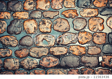 Old Stone Pavement Texture Background, Granite Cobblestone Road Pattern, Vintage Block Sidewalk
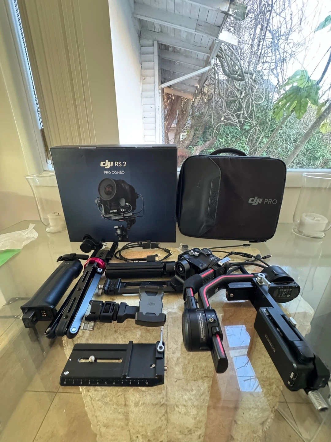 DJI RS 2 Pro Combo gimbal stabilizer. It includes the gimbal, a carrying case, and various accessories for camera stabilization. In excellent condition, only used a handful of times!!
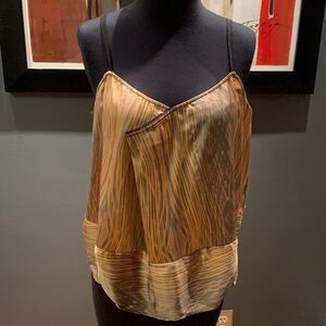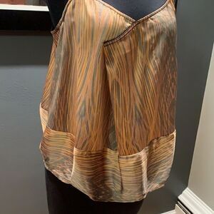 Derek Lam for Design Nation wood grain print silky blouson band hem tank. Asymmetrical overlapping front. Upper edge with inner grosgrain ribbon neckline. Grosgrain ribbon adjustable straps. Medium. 100% polyester. New, no tags. Nonsmoking home.
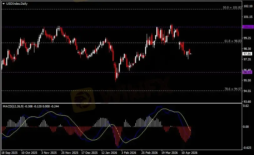 日线图显示美元指数高开下挫,当前仍承压于98.80阻力。从MACD来看,快慢线向下运行,红色动能柱则温和收缩。指数走势和动能柱的变化呈分歧。
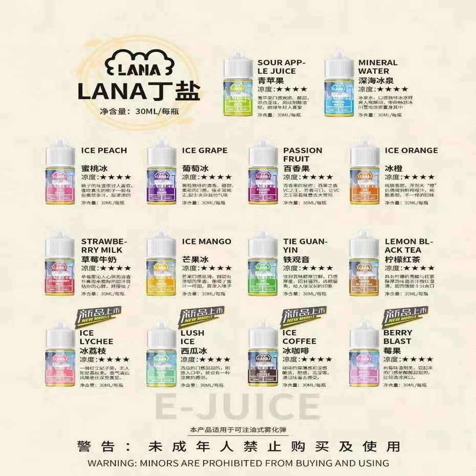 LANA 電子菸油以 “極冰口感” 和便捷性為核心賣點,通過陶瓷芯霧化技術和尼古丁鹽應用,為用戶提供高還原度的口味體驗。
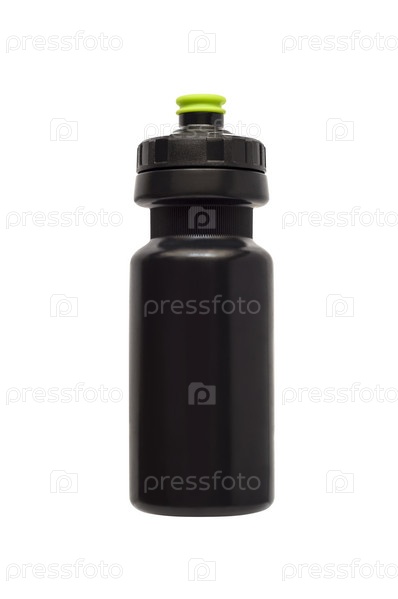 Черная бутылка с водой для фитнеса и велосипеда изолирована
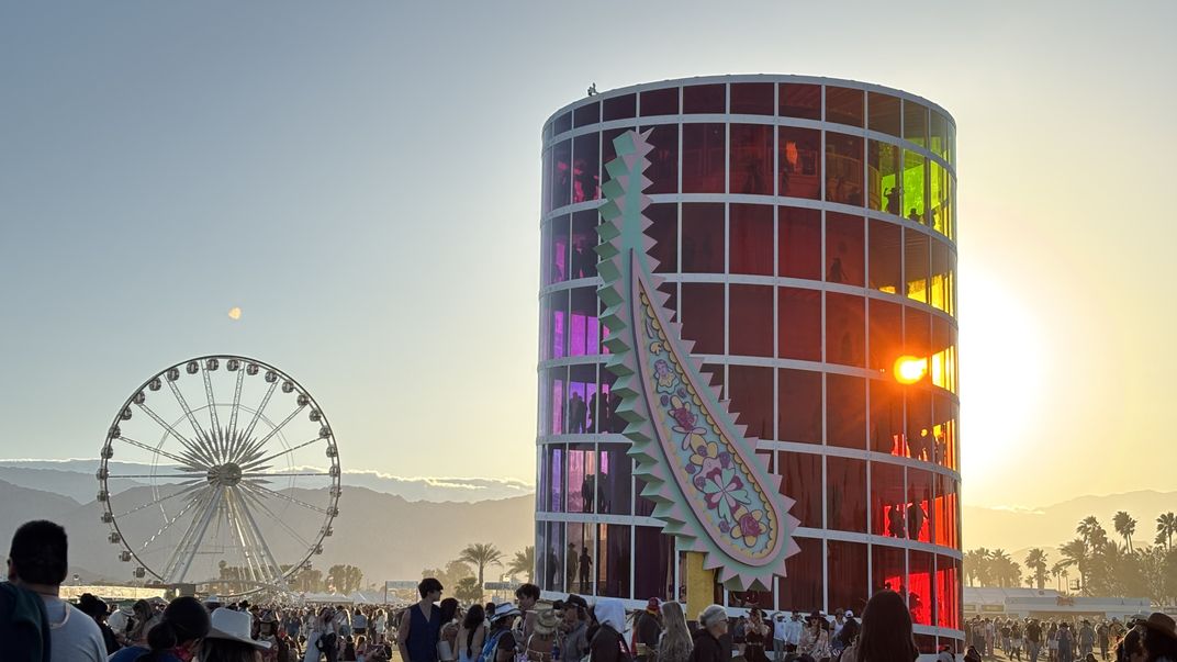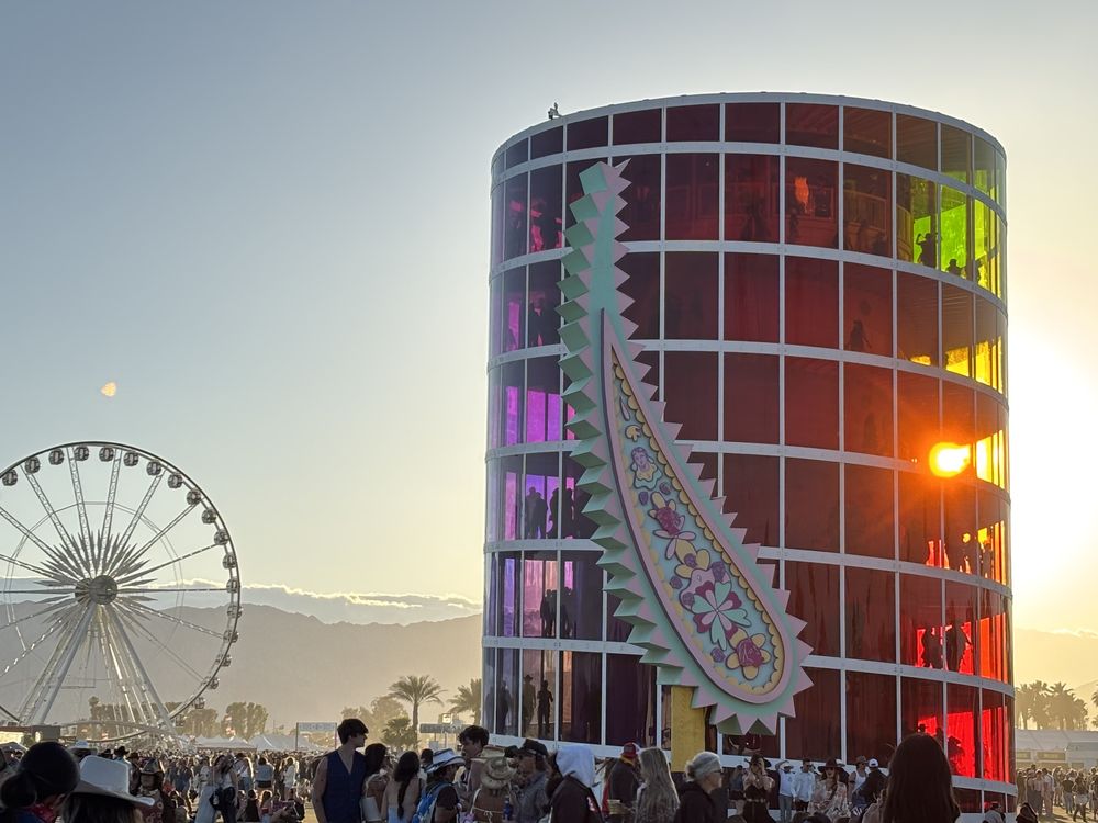 The sun shines through the art installation window panel just above the mountains. in the distance you can see the ferris wheel. A crowd is gathered for a music festival in the desert
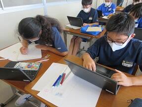 空想画で自分のイメージに合った着色を探す活動が展開されていました。
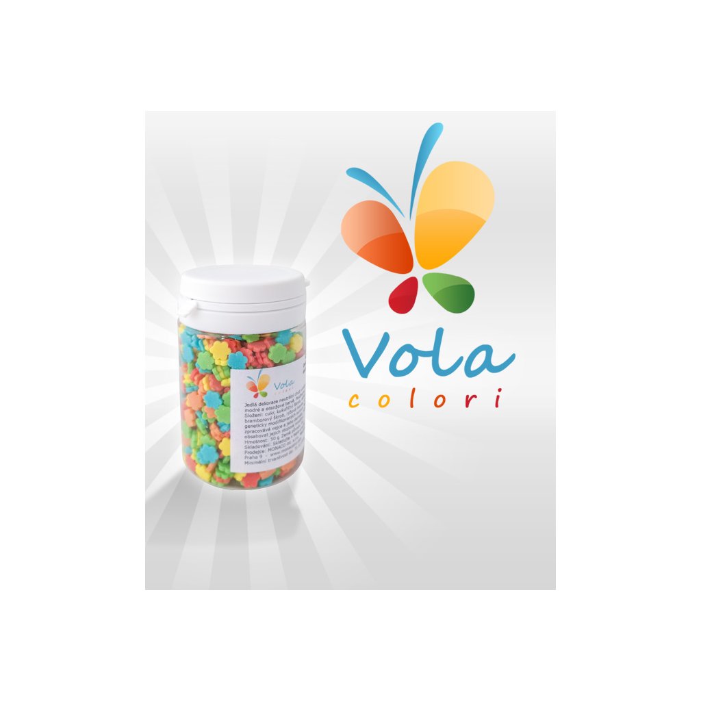 Cukrové pestrobarevné kytičky. Používají se na dekoraci dortů a zmrzlinových pohárů.
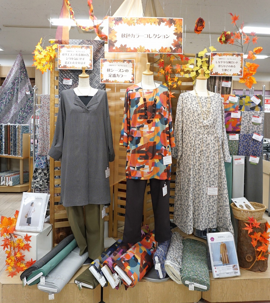 カナリヤ本店2階では、秋向けの衣類作りにぴったりの生地が続々入荷中!
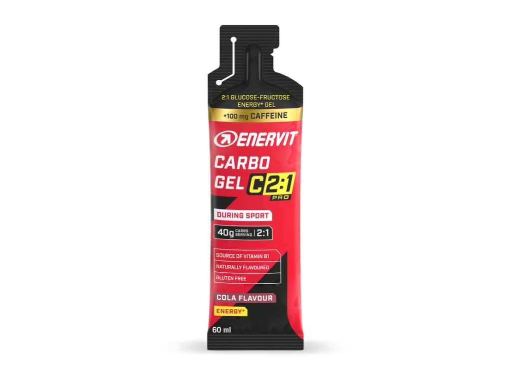 Enervit Carbo Gel C2:1 s kofeinem, cola, 60 ml Bezlepkový gel se sacharidy a kofeinem, doplněk stravy
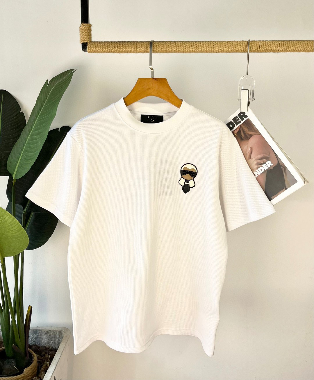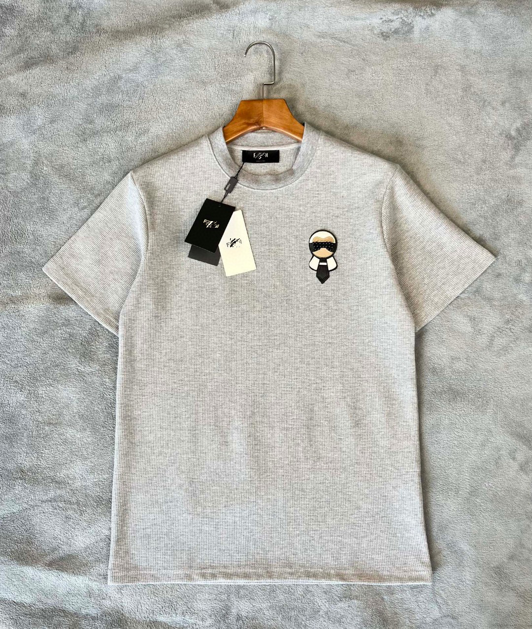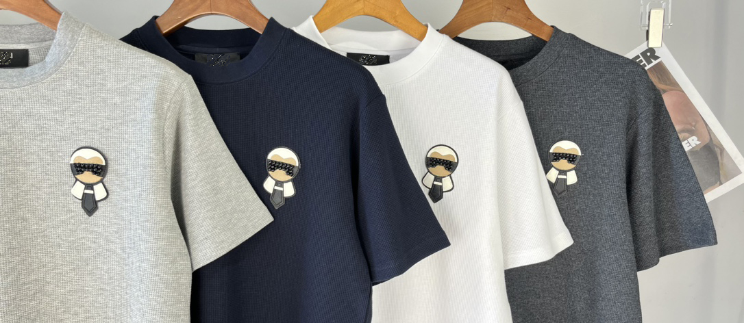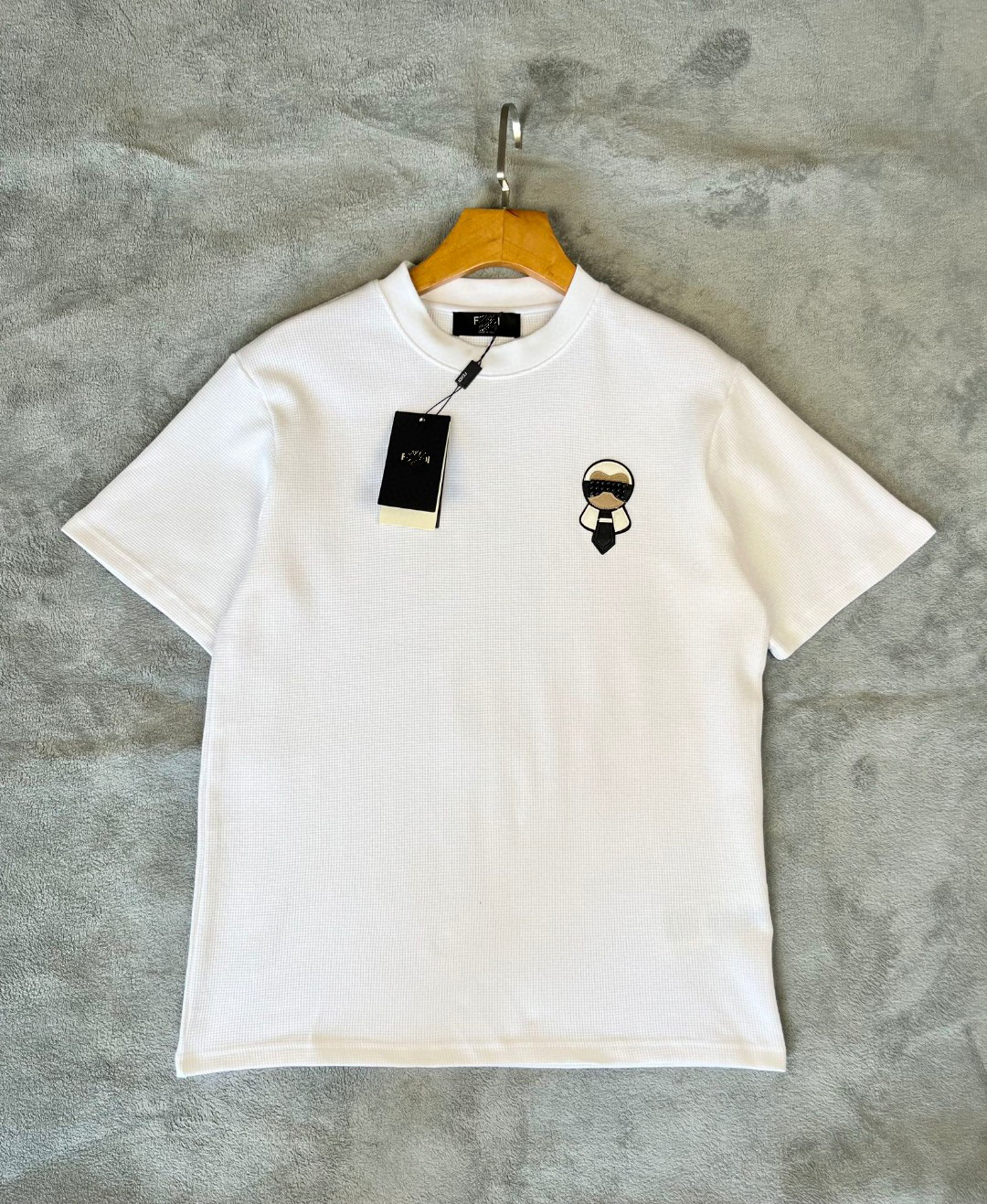 FD 24春季新款胸口老佛爷徽标图案圆领短袖 采用华夫格面料 宽松版型男女同款非常的时尚百搭~

---*---

Problem to work on.
The records shown above are to be repeated exactly, with the pictures left out.

Solution to this problem.
 Old Stone Pavement Texture Background, Granite Cobblestone Road Pattern, Vintage Block Sidewalk
 DJI RS 2 Pro Combo gimbal stabilizer. It includes the gimbal, a carrying case, and various accessories for camera stabilization. In excellent condition, only used a handful of times!!
 Derek Lam for Design Nation wood grain print silky blouson band hem tank. Asymmetrical overlapping front. Upper edge with inner grosgrain ribbon neckline. Grosgrain ribbon adjustable straps. Medium. 100% polyester. New, no tags. Nonsmoking home.
 日线图显示美元指数高开下挫,当前仍承压于98.80阻力。从MACD来看,快慢线向下运行,红色动能柱则温和收缩。指数走势和动能柱的变化呈分歧。
 LANA 電子菸油以 “極冰口感” 和便捷性為核心賣點,通過陶瓷芯霧化技術和尼古丁鹽應用,為用戶提供高還原度的口味體驗。
 Черная бутылка с водой для фитнеса и велосипеда изолирована
 The sun shines through the art installation window panel just above the mountains. in the distance you can see the ferris wheel. A crowd is gathered for a music festival in the desert
 空想画で自分のイメージに合った着色を探す活動が展開されていました。
 Cukrové pestrobarevné kytičky. Používají se na dekoraci dortů a zmrzlinových pohárů.
 カナリヤ本店2階では、秋向けの衣類作りにぴったりの生地が続々入荷中!
 Enervit Carbo Gel C2:1 s kofeinem, cola, 60 ml Bezlepkový gel se sacharidy a kofeinem, doplněk stravy
 FD 24春季新款胸口老佛爷徽标图案圆领短袖 采用华夫格面料 宽松版型男女同款非常的时尚百搭~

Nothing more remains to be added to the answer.